**Task item**
Among the records below, find the line with "XXII зимние Олимпийские" and the line with "Black Snip-Toe White". Set down both and every line between, exactly and with no pictures, but nothing else.

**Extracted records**
=======

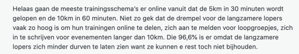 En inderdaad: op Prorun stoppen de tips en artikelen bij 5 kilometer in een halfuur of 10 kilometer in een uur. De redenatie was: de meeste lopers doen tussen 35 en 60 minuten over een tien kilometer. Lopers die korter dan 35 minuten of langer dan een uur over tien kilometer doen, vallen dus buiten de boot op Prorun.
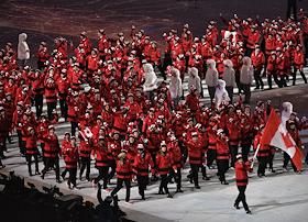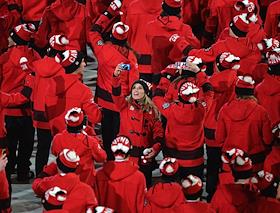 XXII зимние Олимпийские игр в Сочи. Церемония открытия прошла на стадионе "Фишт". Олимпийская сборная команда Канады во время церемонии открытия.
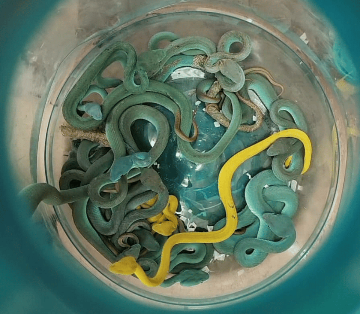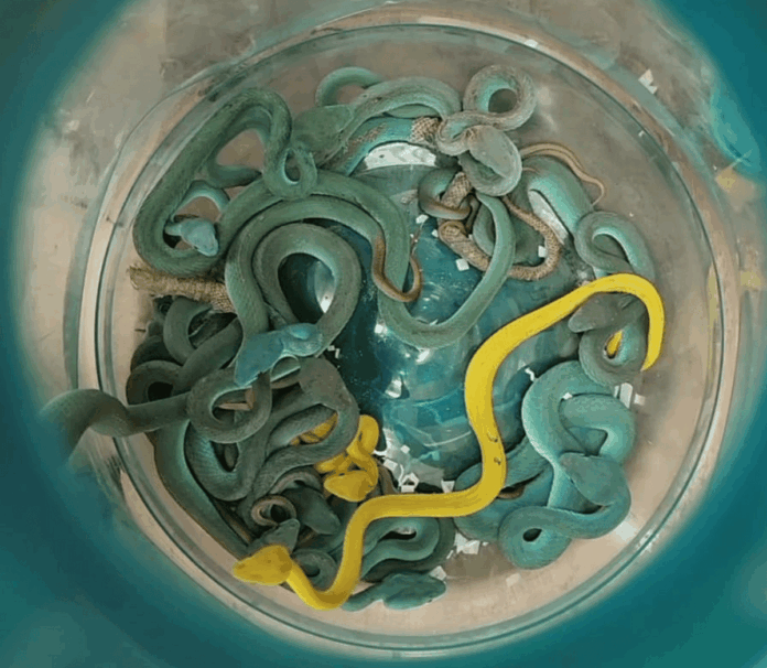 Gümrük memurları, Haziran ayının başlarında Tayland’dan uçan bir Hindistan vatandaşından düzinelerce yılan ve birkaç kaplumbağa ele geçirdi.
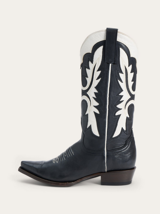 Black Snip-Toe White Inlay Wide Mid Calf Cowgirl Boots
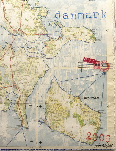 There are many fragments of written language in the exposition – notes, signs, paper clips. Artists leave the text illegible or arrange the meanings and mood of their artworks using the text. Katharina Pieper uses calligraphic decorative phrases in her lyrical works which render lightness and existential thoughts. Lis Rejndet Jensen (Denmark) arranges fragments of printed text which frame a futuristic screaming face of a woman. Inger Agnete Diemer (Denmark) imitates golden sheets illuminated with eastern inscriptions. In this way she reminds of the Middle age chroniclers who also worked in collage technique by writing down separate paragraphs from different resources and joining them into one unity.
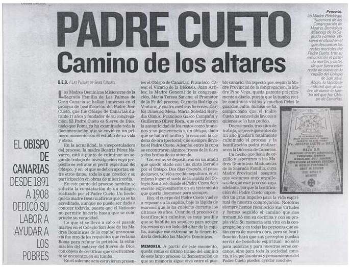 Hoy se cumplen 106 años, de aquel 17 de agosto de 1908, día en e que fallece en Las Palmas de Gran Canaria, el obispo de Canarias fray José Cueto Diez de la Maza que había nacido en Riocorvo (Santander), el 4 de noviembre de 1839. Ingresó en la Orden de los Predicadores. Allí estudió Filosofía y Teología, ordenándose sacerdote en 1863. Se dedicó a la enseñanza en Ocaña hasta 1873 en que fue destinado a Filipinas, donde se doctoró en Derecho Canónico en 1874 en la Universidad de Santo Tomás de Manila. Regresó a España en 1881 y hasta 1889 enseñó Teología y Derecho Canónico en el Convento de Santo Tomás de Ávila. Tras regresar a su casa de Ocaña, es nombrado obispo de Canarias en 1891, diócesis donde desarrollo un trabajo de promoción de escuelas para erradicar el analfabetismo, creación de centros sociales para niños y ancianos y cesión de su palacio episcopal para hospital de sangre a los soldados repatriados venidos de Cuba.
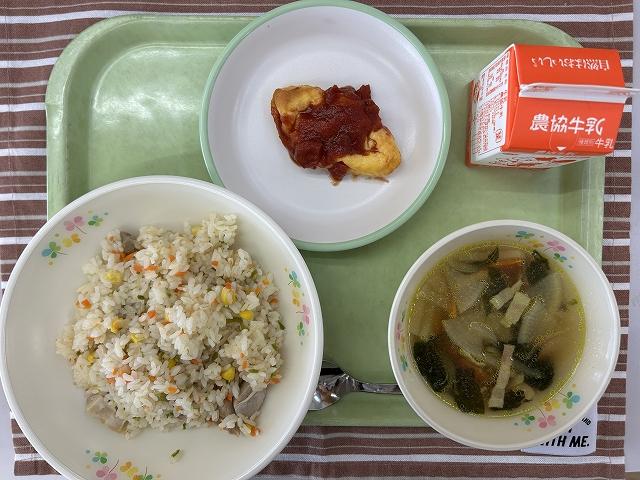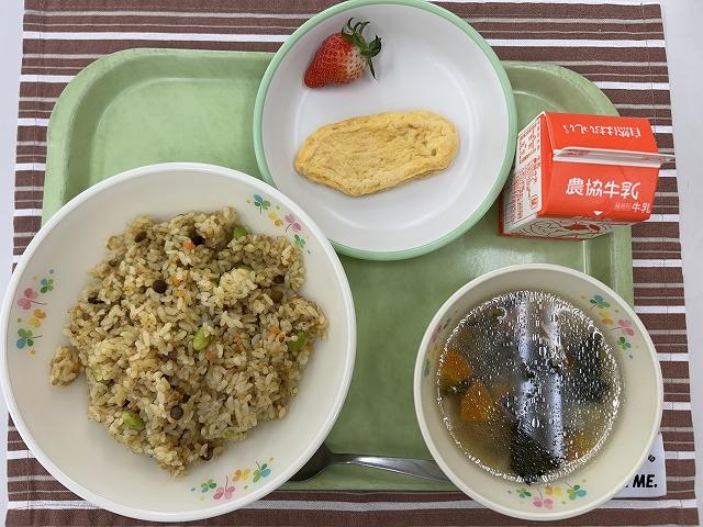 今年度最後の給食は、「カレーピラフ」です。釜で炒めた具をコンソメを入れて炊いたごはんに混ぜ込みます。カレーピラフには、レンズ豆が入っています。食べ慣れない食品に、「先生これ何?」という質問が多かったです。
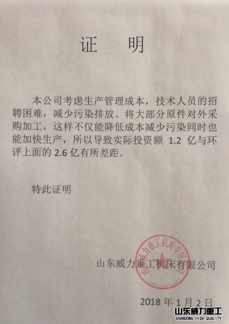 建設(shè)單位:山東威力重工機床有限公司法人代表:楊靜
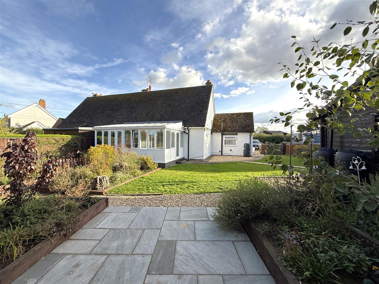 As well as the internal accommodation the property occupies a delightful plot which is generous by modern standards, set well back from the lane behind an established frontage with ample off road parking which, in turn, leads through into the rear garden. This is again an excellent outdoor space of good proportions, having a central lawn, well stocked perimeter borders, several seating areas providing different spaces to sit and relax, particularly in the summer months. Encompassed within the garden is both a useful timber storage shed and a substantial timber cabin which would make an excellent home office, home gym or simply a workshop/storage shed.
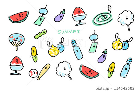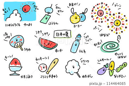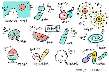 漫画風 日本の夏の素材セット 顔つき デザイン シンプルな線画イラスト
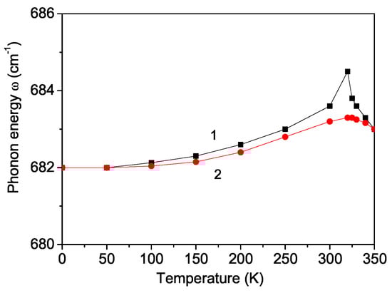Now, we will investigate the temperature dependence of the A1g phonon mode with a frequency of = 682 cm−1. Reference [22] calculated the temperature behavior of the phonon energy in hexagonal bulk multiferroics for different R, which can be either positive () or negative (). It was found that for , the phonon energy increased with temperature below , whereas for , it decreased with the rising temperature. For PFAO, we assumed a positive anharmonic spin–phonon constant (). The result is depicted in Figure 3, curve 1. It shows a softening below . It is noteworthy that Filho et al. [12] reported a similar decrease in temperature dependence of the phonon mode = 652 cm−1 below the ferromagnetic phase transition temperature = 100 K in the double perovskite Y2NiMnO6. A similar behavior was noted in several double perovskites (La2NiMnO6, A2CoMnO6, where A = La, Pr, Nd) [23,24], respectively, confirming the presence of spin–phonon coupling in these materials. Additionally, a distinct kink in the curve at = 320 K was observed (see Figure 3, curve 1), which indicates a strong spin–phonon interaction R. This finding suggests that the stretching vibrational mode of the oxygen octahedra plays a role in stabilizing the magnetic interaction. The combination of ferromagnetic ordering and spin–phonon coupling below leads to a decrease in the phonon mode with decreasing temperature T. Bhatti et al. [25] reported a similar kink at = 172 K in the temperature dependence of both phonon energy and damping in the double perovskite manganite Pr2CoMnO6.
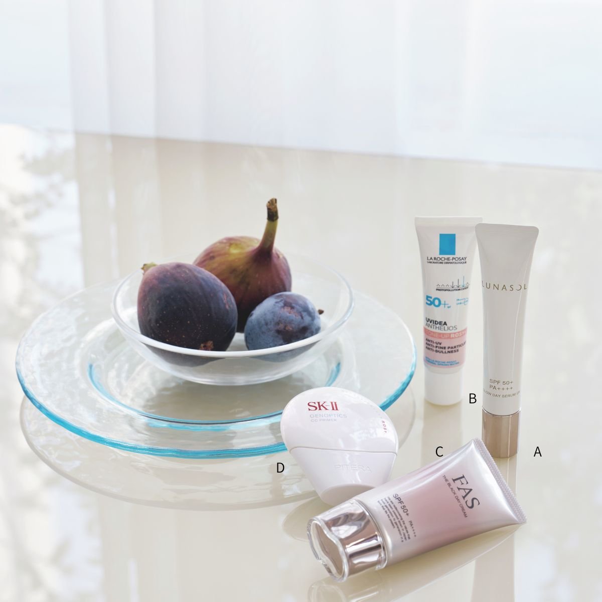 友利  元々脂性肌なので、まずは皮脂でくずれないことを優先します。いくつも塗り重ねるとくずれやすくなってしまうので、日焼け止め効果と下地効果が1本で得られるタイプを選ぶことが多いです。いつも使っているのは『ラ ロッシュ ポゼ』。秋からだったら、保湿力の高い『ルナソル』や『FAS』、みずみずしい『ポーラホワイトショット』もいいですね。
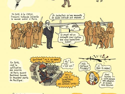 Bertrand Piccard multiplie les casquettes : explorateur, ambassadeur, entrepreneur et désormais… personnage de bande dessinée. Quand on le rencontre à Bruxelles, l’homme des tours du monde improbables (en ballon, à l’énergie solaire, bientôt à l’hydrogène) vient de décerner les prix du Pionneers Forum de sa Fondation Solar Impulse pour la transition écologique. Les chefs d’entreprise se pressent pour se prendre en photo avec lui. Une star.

=======

**Task output**
 XXII зимние Олимпийские игр в Сочи. Церемония открытия прошла на стадионе "Фишт". Олимпийская сборная команда Канады во время церемонии открытия.
 Gümrük memurları, Haziran ayının başlarında Tayland’dan uçan bir Hindistan vatandaşından düzinelerce yılan ve birkaç kaplumbağa ele geçirdi.
 Black Snip-Toe White Inlay Wide Mid Calf Cowgirl Boots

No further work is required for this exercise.